ST. JOSEPH -- In the coming weeks, 60 huge wind turbines will power the equivalent of 50,000 homes and swell local municipal tax coffers, but the company behind the province's biggest wind farm plans to soon more than double its production in Manitoba.
Mike Garland, chief executive officer of San Francisco-based Pattern Energy, said tough economic times and the U.S. financial crisis caused the St. Joseph Wind Farm project to be downsized.
Pattern once eyed a 300-megawatt wind farm in this community just west of Letellier and clearly visible from Highway 75, but the project was eventually scaled back to its current 138 megawatts. But now that the project is nearly completed and the company has demonstrated "that we do what we say we're going to do," Garland said, Pattern wants to sit down with the province and Manitoba Hydro to talk about the next phase.
"I'd love to start construction (by) the end of 2011," Garland said in an interview during the official opening of the wind farm on Tuesday.
Although not as ambitious as once envisioned, the St. Joseph Wind Farm will be the largest in the province once it is fully operational in mid-March. Only seven of the 60 gigantic turbines, mounted on towers 80 metres high, were running on Tuesday, but the company's local manager Ian Cunningham expects they will now come on stream at the rate of roughly one per day.
A second Manitoba wind farm at St.
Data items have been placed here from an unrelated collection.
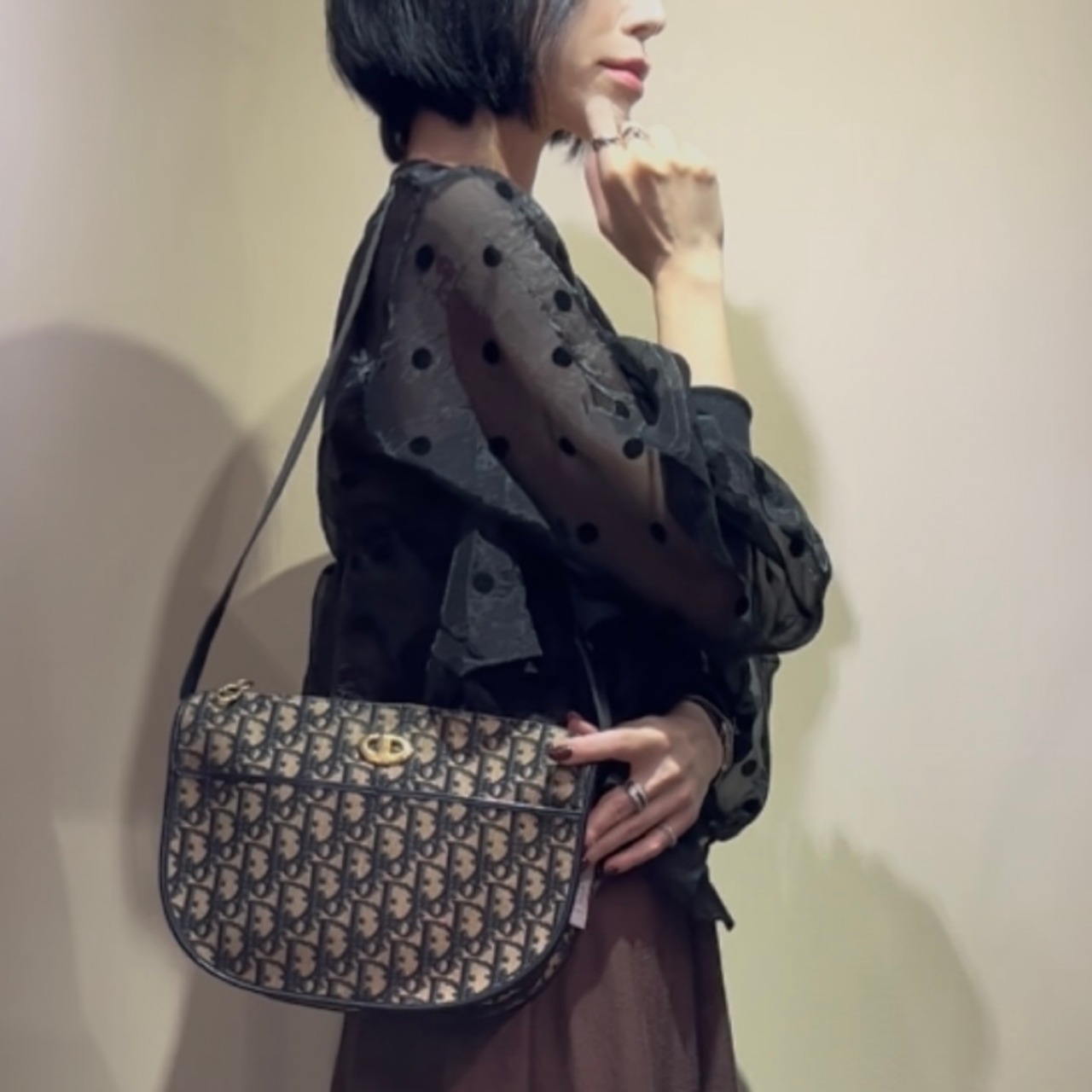 DIOR / ディオール トロッター / ディオール ヴィンテージ / ショルダーバッグ レディース / ショルダーバッグ メンズ / ユニセックス バッグ / ネイビー ショルダー / ゴールド金具 バッグ / 斜めがけバッグ / 福岡 ヴィンテージショップ / 天神ヴィンテージショップ バッグ
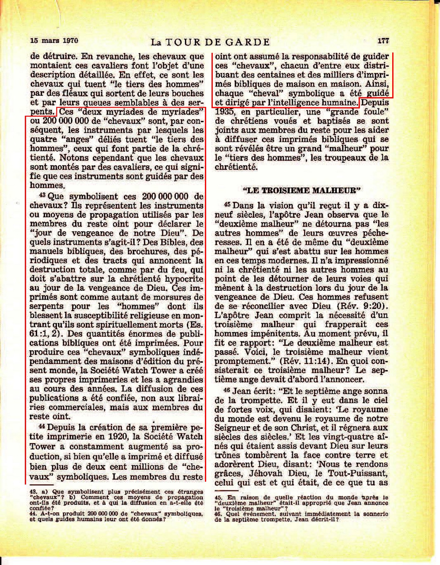 Ces "deux myriades" ou 200 000 000 de "chevaux" sont par conséquent, les instruments par lesquels les quatre "ange" déliés tuent "le tiers des hommes", ceux qui font partie de la chrétienté [...] Que symbolisent ces 200 000 000 chevaux ? Ils représentent les instruments ou moyens de propagation utilisés par les membres du reste oint [...] De quels instruments s'agit-il ? Des Bibles, des manuels bibliques, des brochures, des périodiques et des tracts qui annoncent la destruction totale, comme par du feu, qui doit s'abattre sur la chrétienté hypocrite au jour de la vengeance de Dieu. Ces imprimés sont comme autant de morsures de serpents pour les "hommes" [...] Des quantités énormes de publications ont été imprimées. Pour produire ces "chevaux" symboliques indépendamment des maisons d'édition du présent monde, la Société Watch Tower a crée ses propres imprimeries et les a agrandies au cours des années. La diffusion de ces publications a été confiée, non aux librairies commerciales, mais aux membres du reste oint.
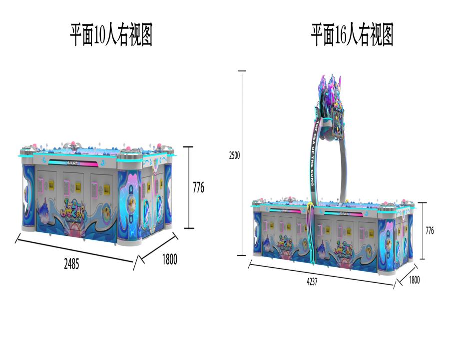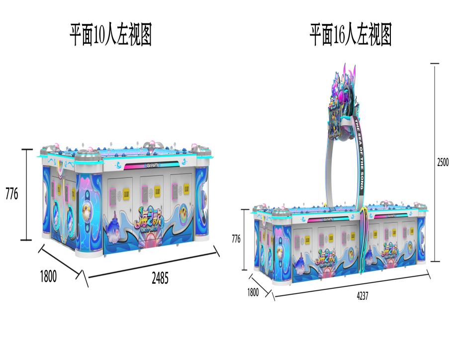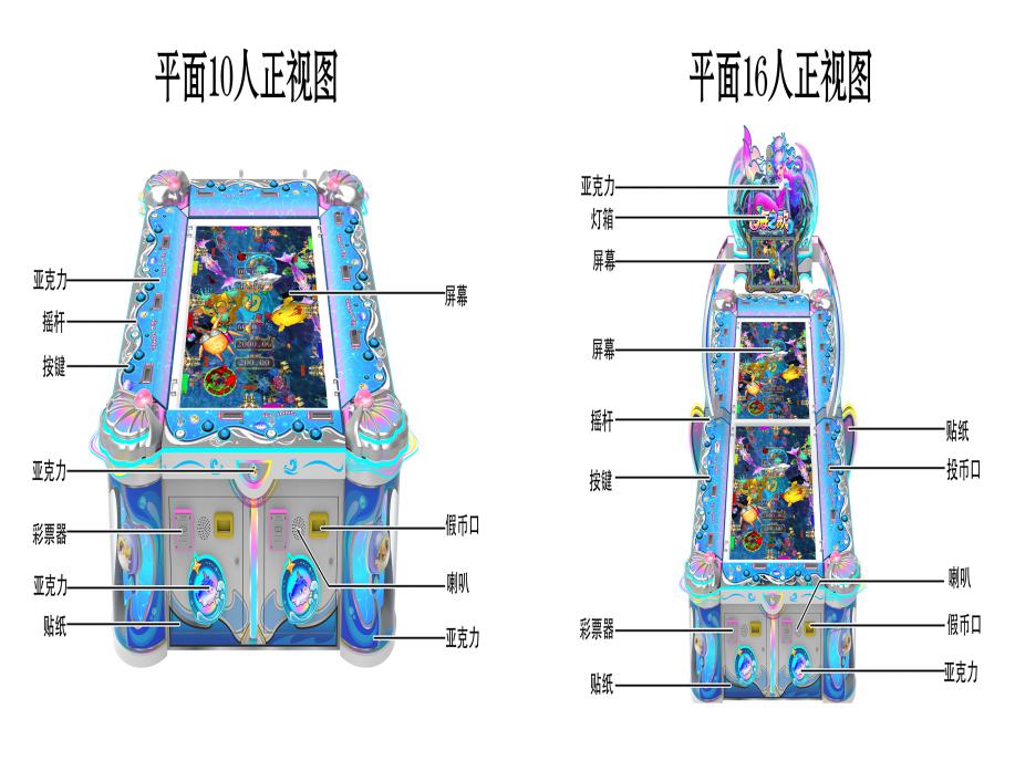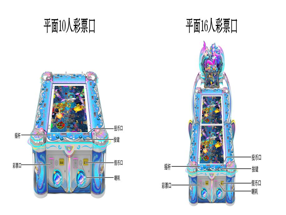 游戏内容简介 | 《海之歌(平面10/16人)》是为大众娱乐而设计的一款射击类游戏游艺彩票机,本机支持合法合规的管理系统。也可通过打开微信或支付宝扫一扫管理系统卡头二维码/屏幕二维码/实体二维码扫码支付投币或投入实体游戏代币获得对应的能量积分子弹数后玩家即可手动启动游戏。本机适用于网咖、竞技馆、动漫城、商超、台球俱乐部等符合经营许可的使用场所。本游戏是以多场景+海洋生物+异兽+道具为题材(比如:小橙鱼,碧波鱼,赤纹狮王,翠纹鱼,独眼蟹,金翅蝶鱼,利齿绿河豚,黄色神仙鱼,焰尾灯笼鱼,玄甲幼龟,魔法泡泡,赤甲龙虾,圣诞小胖鱼,涡轮飞鱼,深海剑鱼,星空蝠魟,白银战鲨,黄金战鲨,深海龙鱼,上古金龙,红色锦鲤,巨口灯笼怪,七彩美人鱼,金甲蟹,雷霆爆弹,双子雷霆爆弹,百变章鱼,孔雀鱼幸运轮,蝠魟幸运轮,剑鱼幸运轮,银鲨幸运轮,金鲨幸运轮,三色幸运轮,蝠魟四重奏,剑鱼双雄,五福临门,海王之戟,闪电光环火龙虾,闪电光环圣诞鱼,闪电光环涡轮鱼,闪电光环剑鱼,赤色连锁,赤色双连锁,赤色三连锁,)等等,由多种不同风格的场景,众多各具特色的海洋生物+异兽+道具身上蕴藏着无尽的秘密,等待着勇敢的玩家深入探索,体验一场视觉盛宴。同时在游戏中,玩家在射击任意海洋生物+异兽+道具时,会消耗能量积分子弹数,击杀任何的海洋生物+异兽+道具都会得到该海洋生物+异兽+道具相对应的彩票/能量积分奖励,当玩家能量积分子弹数为零时则游戏结束。同时支持立式四十三寸,六人五十寸以及平板六十五寸。玩家可用获得的能量积分手动选择退实物彩票/电子彩票/积分/礼品积分卡,到店面吧台用实物彩票/电子彩票/积分/礼品积分卡兑换精美礼品。玩家也可以选择退电子彩票/能量积分直接返还到玩家手机上,也可以用手机扫卡头/屏幕二维码领取电子彩票/能量积分,都可以链接到电子商城上选择心仪的礼品使用电子彩票/能量积分/礼品积分卡兑换。同时为了“顺应“互联网+”发展趋势,鼓励娱乐场所与互联网结合发展,实现场内场外、线上线下互动,增强娱乐场所体验式服务”的要求,本设备可以通过物联网技术把实体游戏游艺设备的游戏内容推送到移动端供客人游玩,仅限于从实体设备所在的公众号、小程序、APP 及网络推广平台入口进入的玩家游玩。 | ||

Leon, which opened five years ago, produces 99 megawatts of power.
Premier Greg Selinger, who attended Tuesday's opening, said wind power "perfectly complements" hydroelectric power production in Manitoba. He said the project will provide well over $200 million in economic benefits to the area over the 27-year life of the contract, including $44 million in municipal taxes and $38 million in payments to landowners.
Five years ago, the province set a target of producing 1,000 megawatts of power from wind within a decade, but it's likely to fall short of that. Selinger said Tuesday while 1,000 megawatts remains the goal, reaching it will be more difficult now that Ottawa has withdrawn support for such projects. (The St. Joseph project received $42 million in federal assistance.)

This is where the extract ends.